- Location: Lac-Jacques-Cartier (TNO), La Côte-de-Beaupré Regional County Municipality, Capitale-Nationale, Quebec, Canada
- Coordinates: 47°44′07″N 71°26′38″W﻿ / ﻿47.73528°N 71.44389°W
- Lake type: Natural
- Primary inflows: Rivière aux Écorces du Milieu, discharge of lac Ballon.
- Primary outflows: Rivière aux Écorces du Milieu
- Basin countries: Canada
- Max. length: 2.7 km (1.7 mi)
- Max. width: 0.9 km (0.56 mi)
- Surface elevation: 803 m (2,635 ft)

= Franchère Lake =

Fresh water body in Quebec, Canada

The Franchère Lake (French: Lac Franchère) is a fresh water body located in the head zone of the rivière aux Écorces du Milieu, in the unorganized territory of Lac-Jacques-Cartier, in the La Côte-de-Beaupré Regional County Municipality, in the administrative region of Capitale-Nationale, in Quebec, Canada. Lac Franchère is part of the Laurentides Wildlife Reserve.

The area around the lake is served by secondary forest roads for forestry and recreational tourism activities.
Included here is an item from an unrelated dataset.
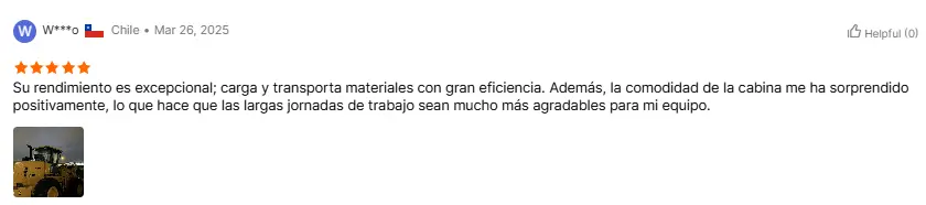 ரஷ்யாவைச் சேர்ந்த வாடிக்கையாளர் 5 டன் லோடரைப் பெற்றவுடன் உடனடியாக சோதனை ஓட்டத்தை எடுத்தார். அவர்கள், "இந்த ஏற்றி நான் எதிர்பார்த்ததை விட இன்னும் சூழ்ச்சி செய்யக்கூடியது. இது எந்த அதிர்ச்சியும் இன்றி சீராக இயங்குகிறது." இதை எங்கள் முதலாளியும் உறுதிப்படுத்தினார். உங்கள் விற்பனை பதில்கள் மிகவும் உடனடி மற்றும் பொறுப்பானவை. நீங்கள் நம்பகமான பங்குதாரர்.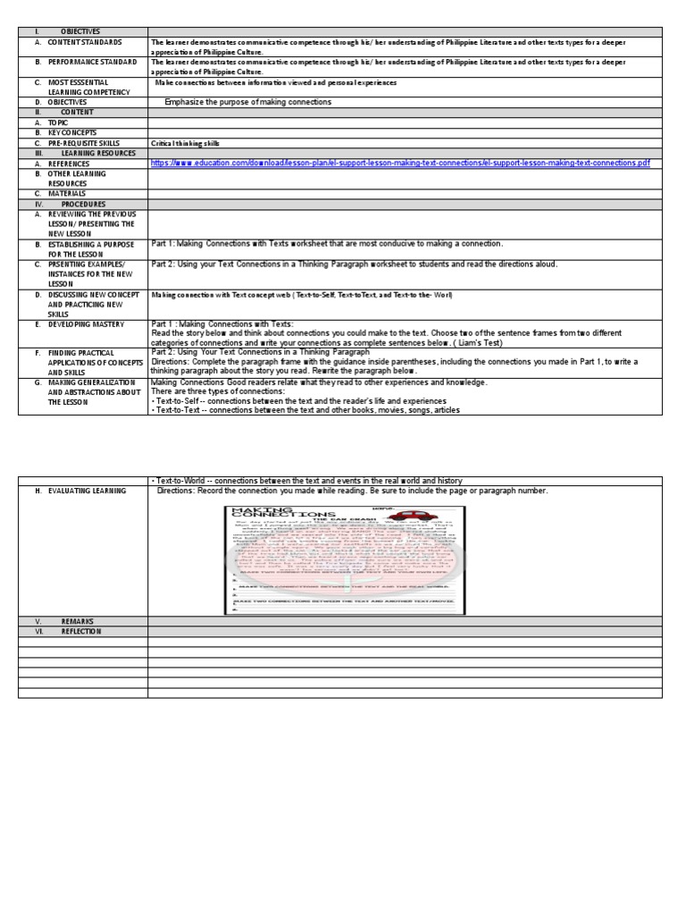 A. REFERENCES https://www.education.com/download/lesson-plan/el-support-lesson-making-text-connections/el-support-lesson-making-text-connections.pdf

Forestry is the main economic activity in the sector; recreational tourism, second.

The surface of Lac Franchère is usually frozen from the beginning of December to the end of March, however the safe circulation on the ice is generally done from mid-December to mid-March.

== Geography ==
The main watersheds near Lac Franchère are:
- north side: rivière aux Écorces North-East, Delphis stream;
- east side: Honorine River, Jacques-Cartier River;
- south side: rivière aux Écorces du Milieu, rivière aux Écorces;
- west side: rivière aux Écorces du Milieu, Kane stream.
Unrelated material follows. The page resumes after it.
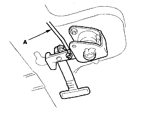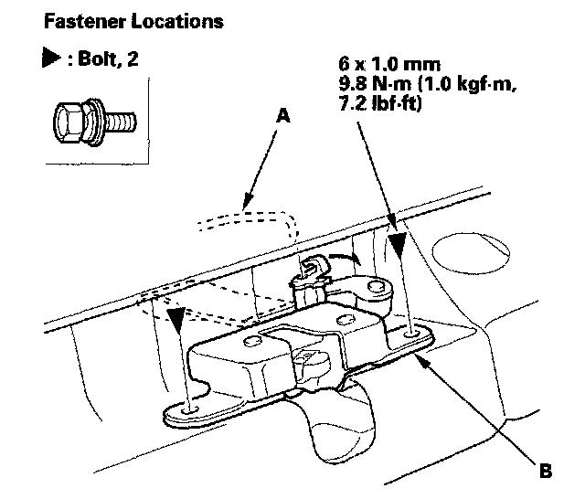 2. Disconnect the cylinder rod (A), remove the bolts, then remove the seat-back latch (B).

Lac Franchère has a length of 2.7 km, a width of 0.9 km and an altitude of 803 m. This lake is mainly supplied by the outlet of Lac Ballon, as well as the outlet of Lakes Day and Germain. The mouth of Lac Franchère is located at:
- 16.5 km north-east of the confluence of the rivière aux Écorces du Milieu and the rivière aux Écorces;
- 66.7 km south-east of the mouth of the Pikauba River (confluence with the Kenogami Lake);
- 18.9 km north-west of Jacques-Cartier Lake.

From the mouth of Lac Franchère, the current follows the course of:
- the rivière aux Écorces du Milieu on 24.7 km generally towards the southwest;
- the rivière aux Écorces on 98.5 km generally towards the northeast;
- the Pikauba River on 35.0 km generally towards the northeast;
- the Kenogami Lake on 17.6 km towards the northeast to barrage de Portage-des-Roches;
- the Chicoutimi River on 26.2 km to the east, then the northeast;
- the Saguenay River on 114.6 km eastward to Tadoussac where it merges with the Saint Lawrence estuary.

== Toponymy ==
The toponym Lac Franchère was formalized on December 5, 1968, by the Commission de toponymie du Québec.